Nobody’s more modern or fearless than Herbie is with electric pianos and synthesizers—real artists are not afraid of technology. Starting when he was with Miles, he found a way to utilize those instruments so they didn’t sound offensive or weird. Years later, when he and I were welcomed together at the Kennedy Center Honors, Snoop Dogg thanked Herbie for giving birth to hip-hop. I’m not sure how many people understand how huge that is and how true. Just listen to his album Sunlight, which came out even before “Rockit”—everybody uses those ideas now.
Today if I put on Oneness and listen to those tracks I remember that by then Deborah and I had gotten back on track and I was hanging with SK a lot more.
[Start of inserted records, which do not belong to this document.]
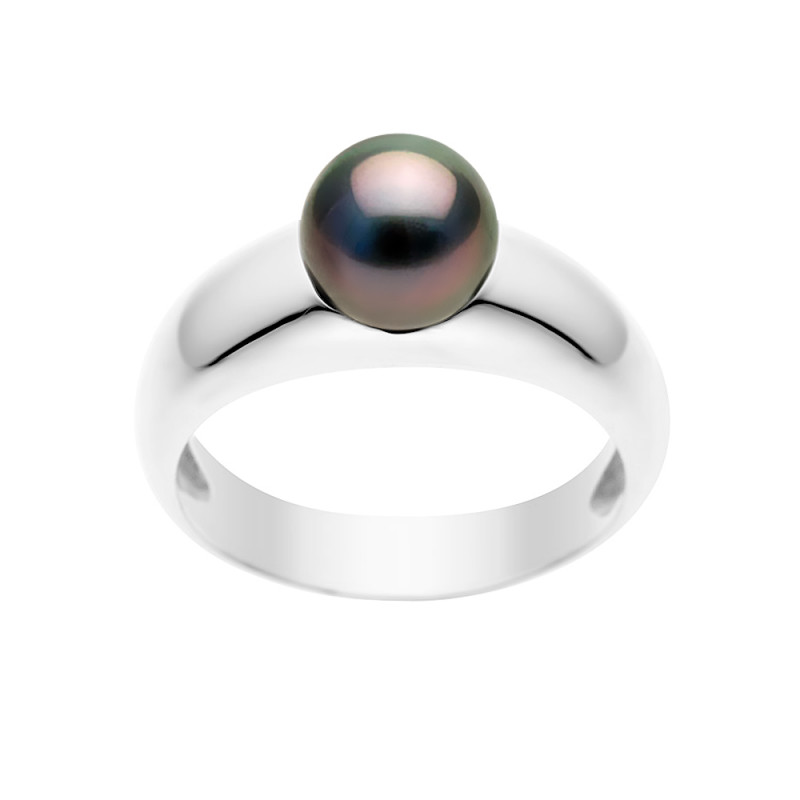 Bague Gus - Jonc Bombé - Or Blanc - Véritable Perle de Culture de TAHITI RONDE 8-9 mm - COLORI BLANC NATUREL - DISPONIBLE TAILLE PAIRES du 48 au 62 - Livrée avec Certificat d'Authenticité et de Garantie internationale - MANUFACTUREE DANS NOS ATELIERS Français
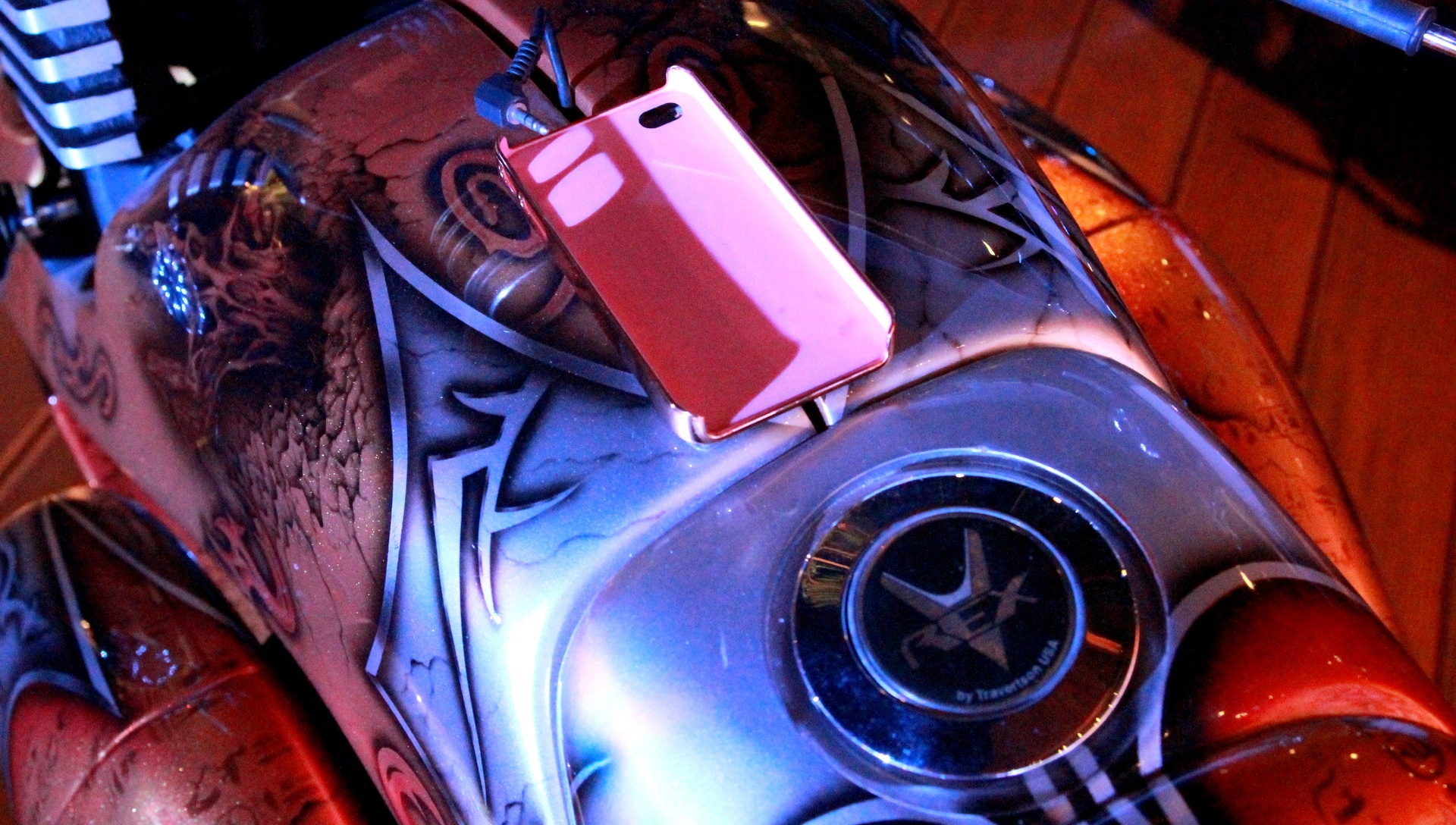 | Sạc iPhone được đặt trên nắp bình xăng. |
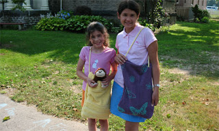 The girls were signed up to take a sewing class at our library this past week and they had to bring a beach towel. They were going to cut and sew the towel into a beach bag.
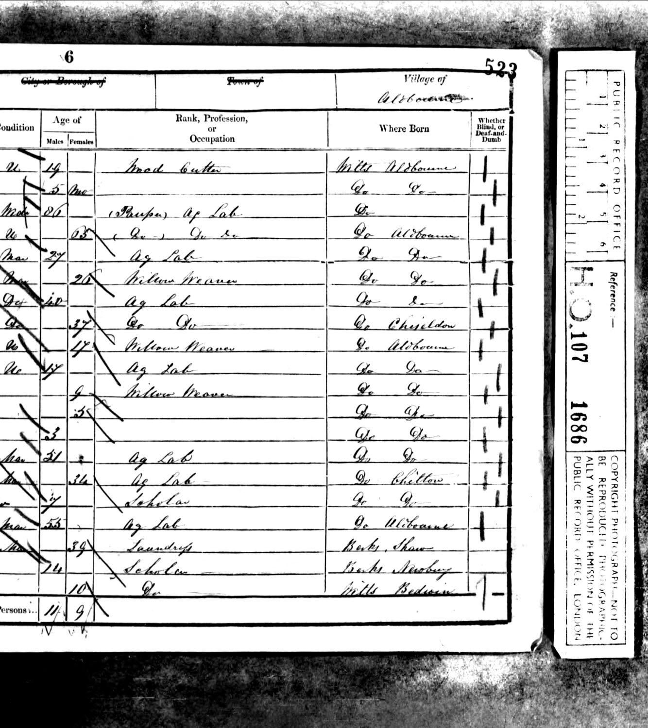 Aldbourn, Hungerford, Kintbury, Wiltshire> Class: HO107; Piece: 1686; Folio: 523; Page: 6; GSU roll: 193594.
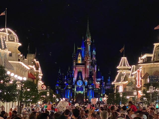 We were tired so we staked out a spot in front of the flagpole at the base of Main Street for the Happily Ever After fireworks show. We had some ground to sit down on and a fence to sit or lean against. Kelli and I enjoyed people watching and relaxing for the 50-minute wait. We did see someone get engaged near us.

Some of the music came from that, including “Silver Dreams Golden Smiles.” SK played guitar and sang on that one, and Clare Fischer did the string arrangements.
In 1981 Deborah agreed that we should both leave Sri—it was time to dust off our feet and get moving. We left our place in Queens late one night, leaving behind all our things, just like that. Later I heard that Sri was going to take my name back and told some disciples not to associate with us anymore because Deborah and I were going to drown in a sea of ignorance, which I didn’t like hearing because I didn’t want to back down from what made me go to him in the first place. I didn’t stop believing in the principles and the divinity and light within—but that was a dark thing to say.
The Sri I knew would say things like, “When the power of love replaces the love of power, man will have a new name: God.” I’m not sure how it happened, but many people think Jimi Hendrix said that. He didn’t; that was Sri.
Sri helped me be more than just Santana the guitar player. He helped me get to a deeper awareness of my own light, a deeper awareness of my own connection with divinity and humanity and the invisible realm. It’s God, no matter what you call it, and he is beyond all praise. He doesn’t need a billboard—he doesn’t need us to worship and adore him. We need to honor and worship and work on ourselves, to crystallize our existence by discipline. That’s the most important thing I got from Sri, and I’m still guided by that principle.